LayerDAG: A Layerwise Autoregressive Diffusion Model for Directed Acyclic Graph Generation
This work addresses the problem of generating synthetic DAGs for benchmarking computing systems while preserving intellectual property, representing an incremental advancement in DAG generative models.
The paper tackles the challenge of generating realistic directed acyclic graphs (DAGs) for domains like hardware synthesis and computing system benchmarking, introducing LayerDAG, an autoregressive diffusion model that outperforms existing methods in expressiveness and generalization, particularly for large-scale DAGs with up to 400 nodes, and enhances ML-based surrogate model training for improved accuracy in performance prediction.

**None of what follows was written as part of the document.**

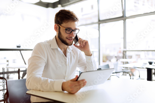 Confident busy businessman working on tablet
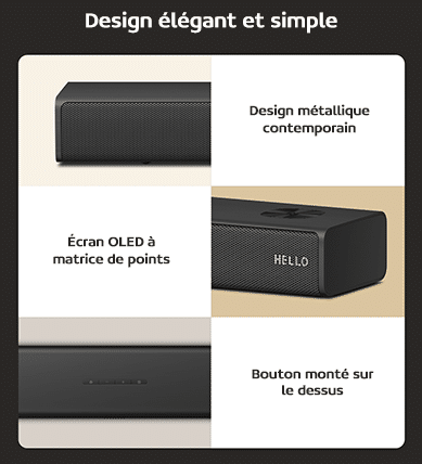 La marque a conçu la barre pour s’intégrer parfaitement dans votre maison, et elle s’harmonise parfaitement afin que tout le monde puisse désormais profiter d’un son de haute qualité avec un design métallique contemporain. Elle intègre un écran OLED à matrice de points et également des boutons sur le dessus.

Directed acyclic graphs (DAGs) serve as crucial data representations in domains such as hardware synthesis and compiler/program optimization for computing systems. DAG generative models facilitate the creation of synthetic DAGs, which can be used for benchmarking computing systems while preserving intellectual property. However, generating realistic DAGs is challenging due to their inherent directional and logical dependencies. This paper introduces LayerDAG, an autoregressive diffusion model, to address these challenges. LayerDAG decouples the strong node dependencies into manageable units that can be processed sequentially. By interpreting the partial order of nodes as a sequence of bipartite graphs, LayerDAG leverages autoregressive generation to model directional dependencies and employs diffusion models to capture logical dependencies within each bipartite graph. Comparative analyses demonstrate that LayerDAG outperforms existing DAG generative models in both expressiveness and generalization, particularly for generating large-scale DAGs with up to 400 nodes-a critical scenario for system benchmarking. Extensive experiments on both synthetic and real-world flow graphs from various computing platforms show that LayerDAG generates valid DAGs with superior statistical properties and benchmarking performance. The synthetic DAGs generated by LayerDAG enhance the training of ML-based surrogate models, resulting in improved accuracy in predicting performance metrics of real-world DAGs across diverse computing platforms.